= Beginning of Section =

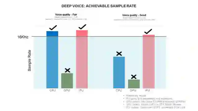 下表展示了 Deep Voice 生成算法在 IPU 上与其他平台(CPU、GPU)性能对比的结果:
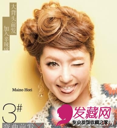 3、拧起的头发在右耳上方盘成丸子。发梢用发夹固定就完成了。
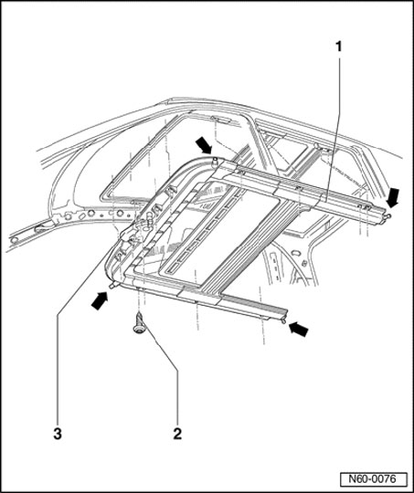 - Secure (8 Nm) installation unit - 1 - of drive motor for sunroof - 3 - beginning at left and right toward rear.
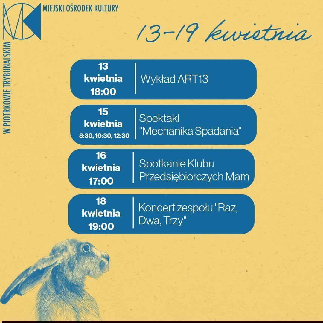 Mecze, koncerty, spektakle, wykłady, turnieje, wystawy, dni otwarte szkół to wszystko w weekend od 17 do 19 kwietnia. Imprezy odbędą się w Piotrkowie, Tomaszowie, Radomsku, Bełchatowie, Kamieńsku, Woli Krzysztoporskiej czy gminie Wolbórz.
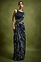 Midnight Blue Wrinkled Foil Georgette Pre-Draped Saree Set

= End of Section =

WHAT THE TASK ASKS
Nothing should appear in the reply except the lines from the start of the listing above through the line with "- Secure (8", repeated exactly and free of pictures.

WRITTEN ANSWER
 下表展示了 Deep Voice 生成算法在 IPU 上与其他平台(CPU、GPU)性能对比的结果:
 3、拧起的头发在右耳上方盘成丸子。发梢用发夹固定就完成了。
 - Secure (8 Nm) installation unit - 1 - of drive motor for sunroof - 3 - beginning at left and right toward rear.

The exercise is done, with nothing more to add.